[Opening Data to examine section]
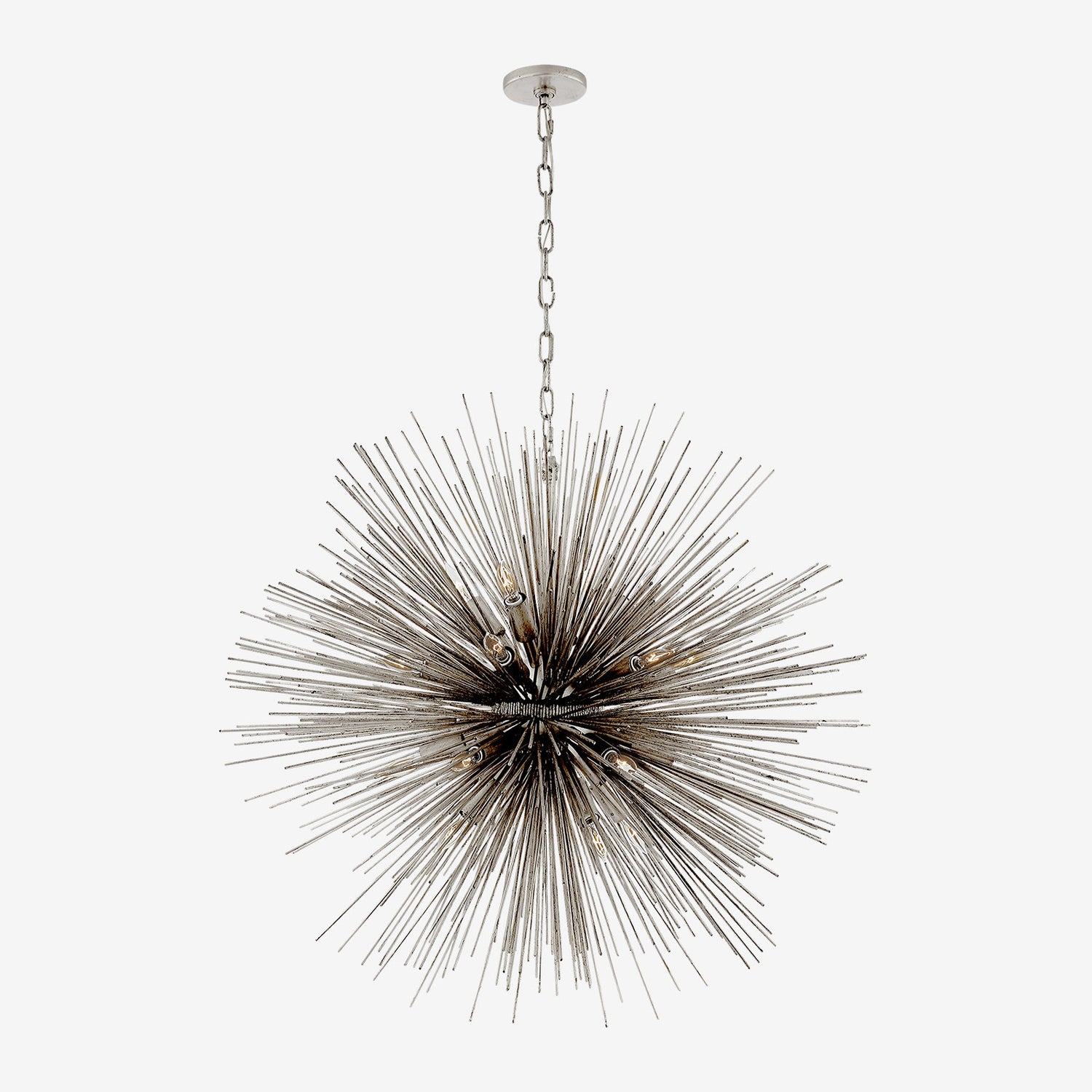 We absolutely adore the collection of Kelly Wearstler lights, her pieces are contemporary, sculptural and breathtaking. Here we see the Strada Round Pendant looking magnificent - it's big, bold and packs a punch and it's part of a collection that includes different shapes as well as wall sconces, and in four finishes. Shop the Strada Collection now.
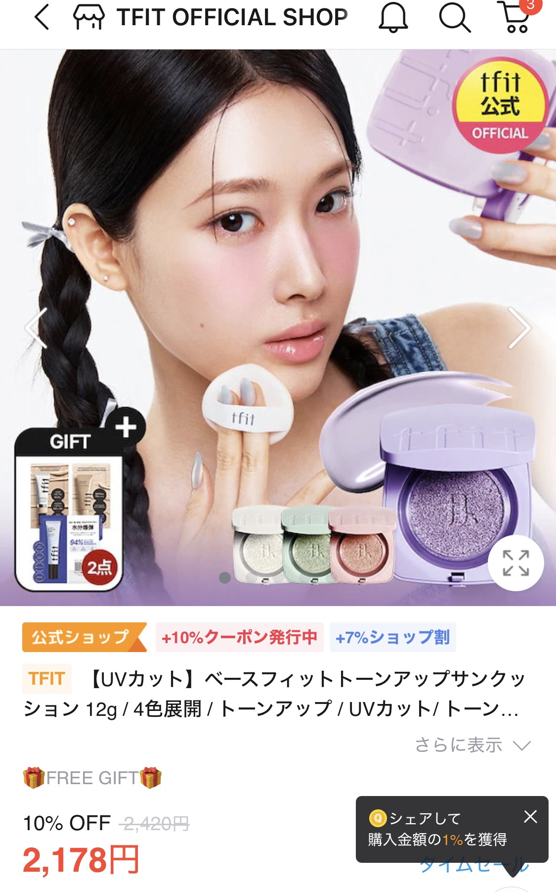 商品詳細情報TFIT ベースフィットトーンアップサンクッション
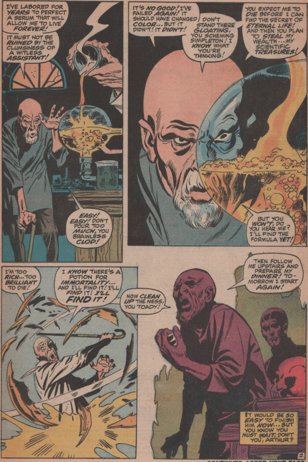 Lastly, Digger introduces us to “A Time to Die!” This one brought to you by Stan Lee (script) and “Big” John Buscema (art), and involves an old scientist that wants to find an elixir that will allow him to live forever. The scientist has an assistant that also has eyes on the elixir! No matter what the genre, John Buscema always looks like a pro. His skills are unparalleled in the Bronze Age.
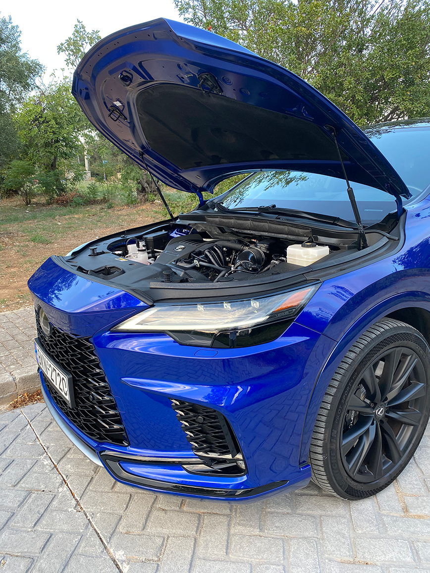 Η Lexus ήταν πάντα γνωστή για τη δέσμευσή της στην λεπτομέρεια, και το RX 500 Sport Direct4 δεν αποτελεί εξαίρεση. Η συναρμογή και το φινίρισμα του εσωτερικού είναι άψογα, με κάθε στοιχείο σχεδιασμένο στην εντέλεια. Από τα εργονομικά σχεδιασμένα χειριστήρια μέχρι το διαισθητικό σύστημα infotainment, κάθε λεπτομέρεια έχει μελετηθεί προσεκτικά για να βελτιώσει την εξυπηρέτηση οδηγού και επιβατών. Το μόνο που μας χάλασε ήταν η παντελής έλλειψη φυσικών διακοπτών, καθώς όλοι οι χειρισμοί έχουν περάσει στην οθόνη πολυμέσων αφής των 14 ιντσών που διαθέτει όλες τις σύγχρονες δυνατότητες σύνδεσης με smartphone και υποστηρίζει ασύρματη λειτουργία για το Apple CarPlay. Αυτονόητο συμπέρασμα των παραπάνω ότι, το μενού χρειάζεται διάβασμα και μια μικρή περίοδο προσαρμογής.
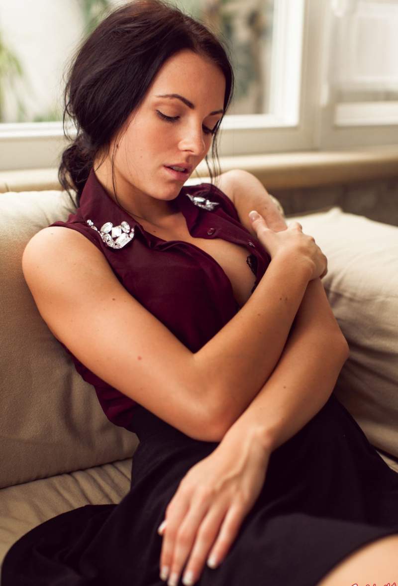 Голые фотки секретарши, что снялась на работе, а потом засветила всё дома на диване с бокалом вина. Маленькая грудь, бритая киска и попка крупно — смотри, пока не стыдно.
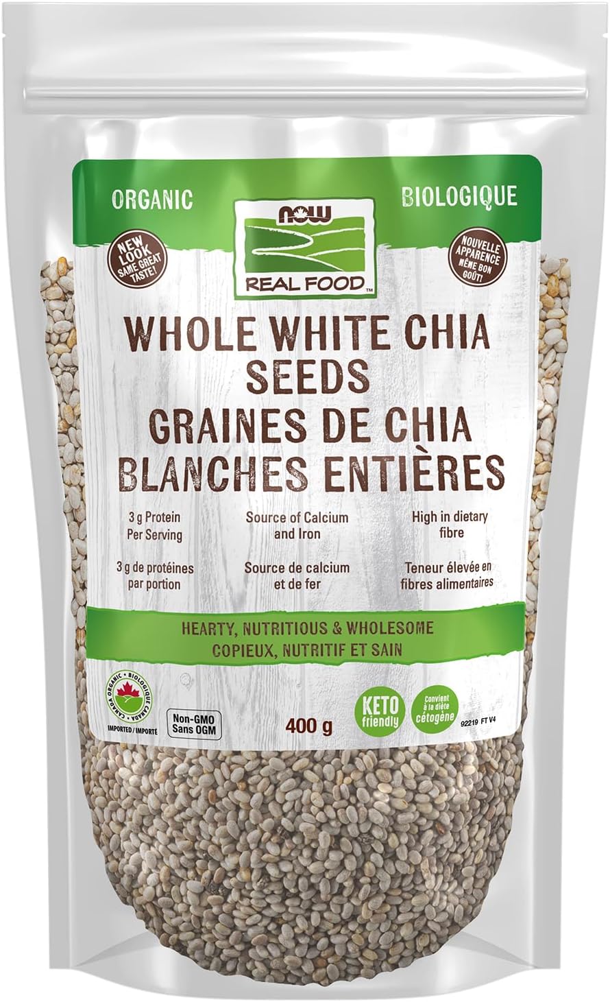NOW Real Food,有機白奇亞籽,必需脂肪酸和纖維來源,非基因改造認證,400克
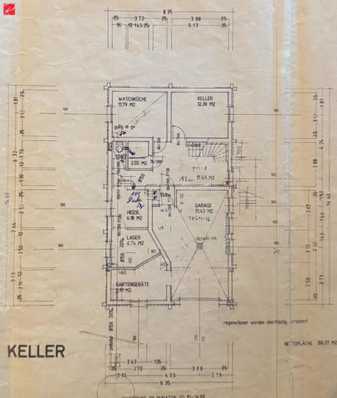 Im Keller befinden sich neben der Garage weitere 4 Räume, ein WC und eine Dusche.
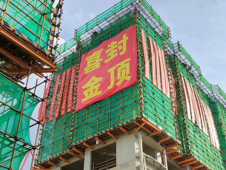 海南万泰公司承建的亨通·南湖花园项目12号楼喜封金顶
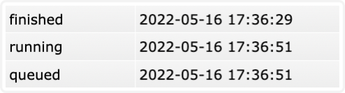 Onder mogelijke backups zie je een lijst met taken. Hier zie je wat er momenteel draait, draaiende is en wat afgerond is. Running betekent dat het herstel wordt uitgevoerd, queued“ geeft aan dat het herstel in de wachtrij staat en Finished is een voltooide backup herstel.
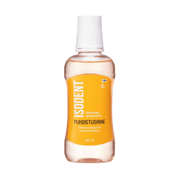 Bakteerien, sienikasvustojen ja värjäytymien lisäksi se liuottaa proteesistasi myös hammaskiven. IsoDent on nestemäinen tiiviste ja se myydään riittoisassa 250 ml pullossa, joka kestää yhdellä käyttäjällä jopa 3 kuukautta päivittäisessä käytössä.
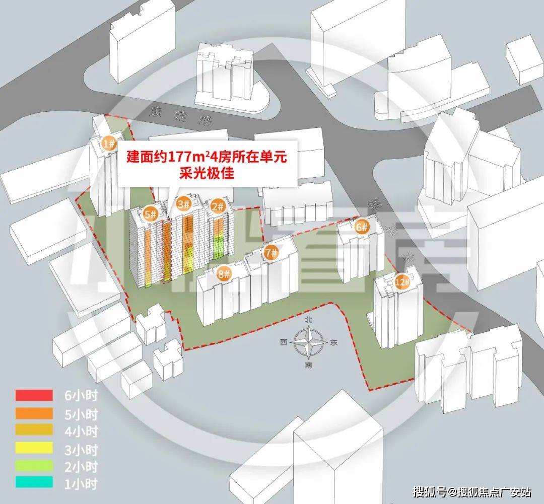 除了一楼以外,其他楼层的日光都在4个小时以上,这已经是极其出众的成绩了。尤其是在高层林立的市区,很少有如此采光的产品。
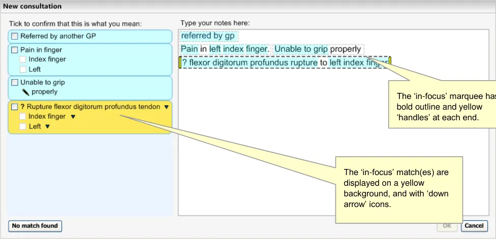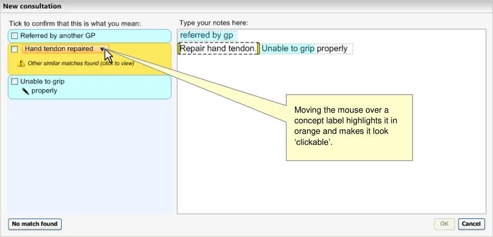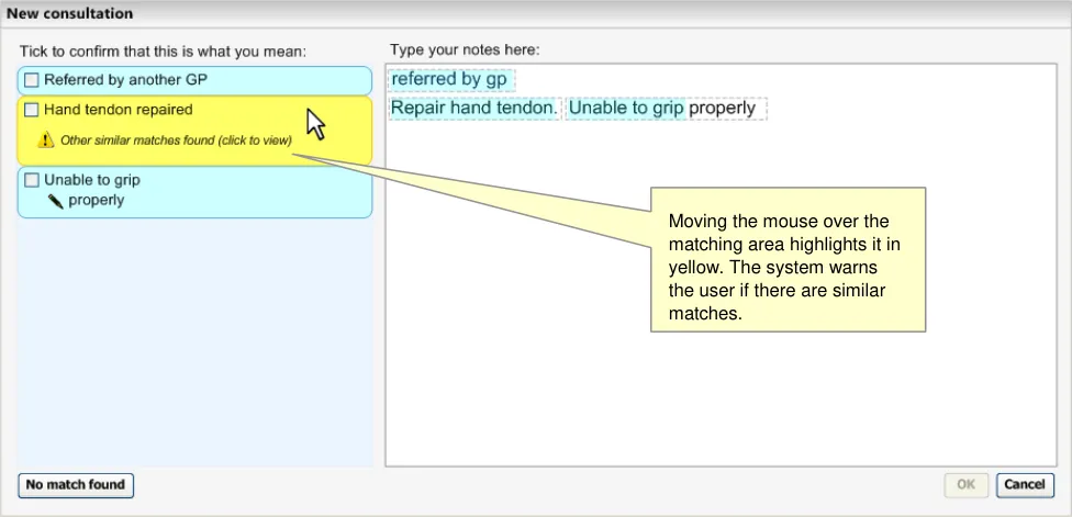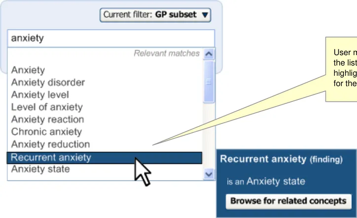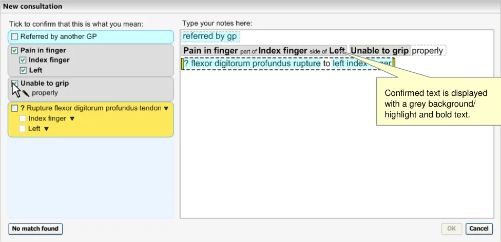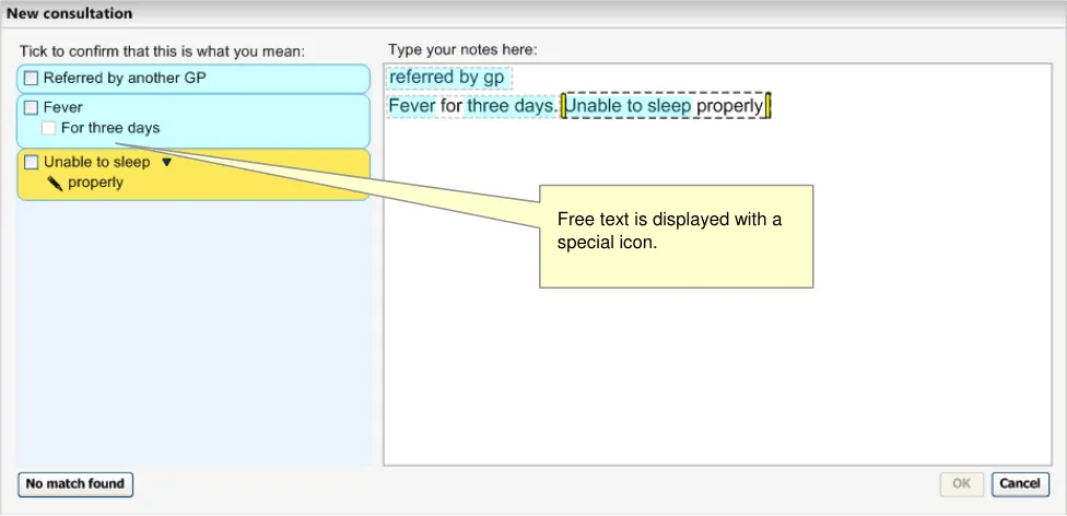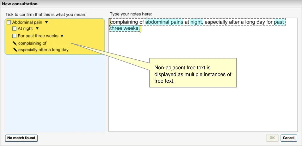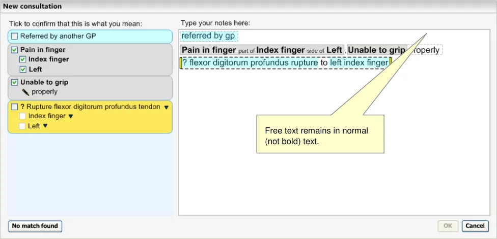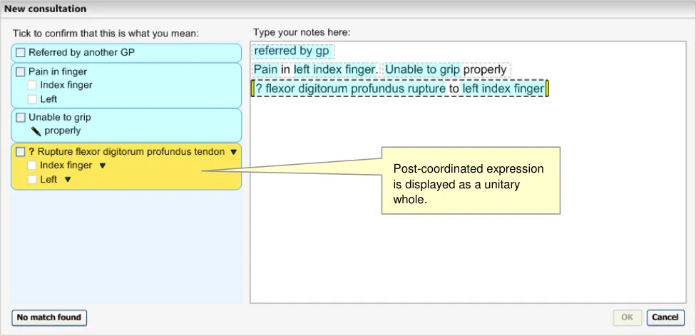 This becomes even more critical if the system displays ‘best matches’ (that is, predictive code matching). Users must be fully aware of what will be saved as a code and what will be saved as free text, and we have a requirement that all instances of encoded concepts must be confirmed by the user prior to committing them to the record; if not, the ‘concepts’ will remain as unstructured text.
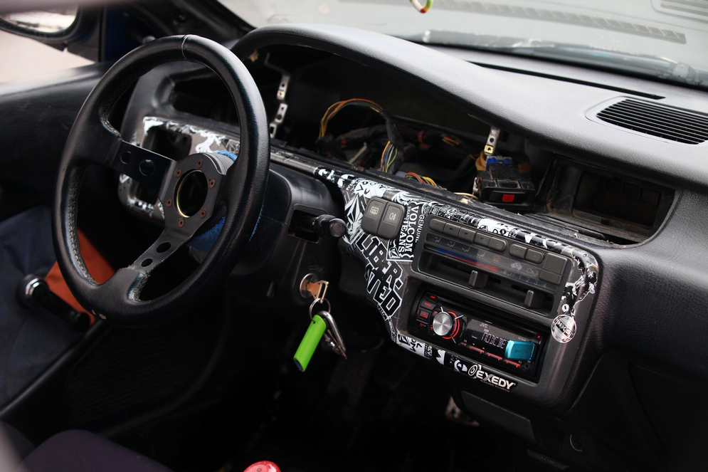 В таком виде он забрал автомобиль обратно в гараж, где принялся за технические доработки. С помощью товарища вместо стокового двигателя D15B был вживлен B16A2 от модификации Civic EG9 – самый доступный вариант из линейки b-серии. Мотор перевесили из машины в машину прямо на улице – свап оказался достаточно прост: выбросить все старое и повесить все, что нужно из нового. Агрегат без проблем завелся, и Сергей остался очень доволен собой и проделанной работой.
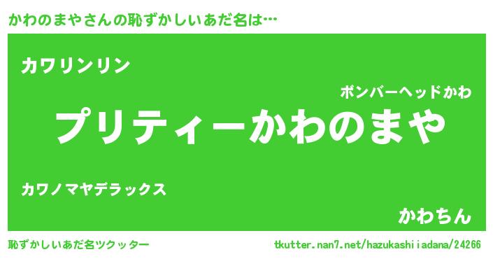 | ヒーロー風カッコイイあだ名 | 『スーパーカワノマヤ』『炎刃騎士カワ』 |
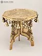 Adding a delightful sensory dimension to this already impressive piece, the perimeter of the octagonal tabletop is adorned with a cascade of dangling bells and ghungroos. These small, resonant brass bells, meticulously attached with fine chains, are designed to chime gently with the slightest movement. The sound they produce is not merely decorative; it evokes the joyous spirit of Indian festivals and traditional ceremonies. When light catches these bells, they shimmer and reflect, casting subtle glints that dance around the room, adding a touch of magic and festivity to your space.
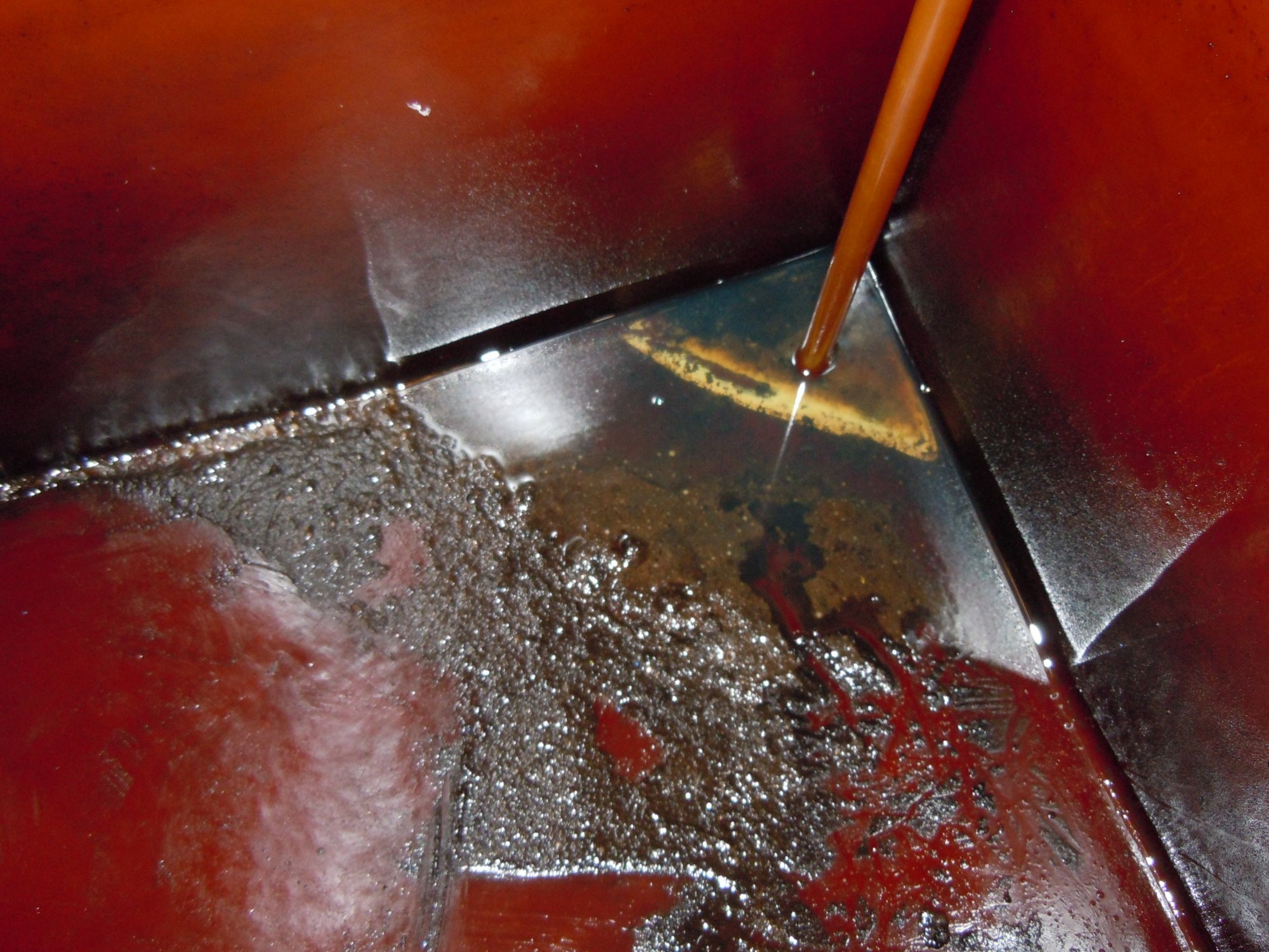 We have a 45-gallon tank. This boat has not run its engine much in about the last 10 years. We got her less than 2 years ago. We topped off the tank with a couple of gallons when we got her and are just now down to a half-tank. It let the level drop so I could get a look at the inside surface of the tank.
[Closing Data to examine section]
— Exercise brief —
Beginning at the line that has "海南万泰公司承建的亨通·南湖花园项目12号楼喜封金顶" and ending at the line that has "除了一楼以外,其他楼层的日光", restate the listing above word for word, pictures left out.

— Task solution —
 海南万泰公司承建的亨通·南湖花园项目12号楼喜封金顶
 Onder mogelijke backups zie je een lijst met taken. Hier zie je wat er momenteel draait, draaiende is en wat afgerond is. Running betekent dat het herstel wordt uitgevoerd, queued“ geeft aan dat het herstel in de wachtrij staat en Finished is een voltooide backup herstel.
 Bakteerien, sienikasvustojen ja värjäytymien lisäksi se liuottaa proteesistasi myös hammaskiven. IsoDent on nestemäinen tiiviste ja se myydään riittoisassa 250 ml pullossa, joka kestää yhdellä käyttäjällä jopa 3 kuukautta päivittäisessä käytössä.
 除了一楼以外,其他楼层的日光都在4个小时以上,这已经是极其出众的成绩了。尤其是在高层林立的市区,很少有如此采光的产品。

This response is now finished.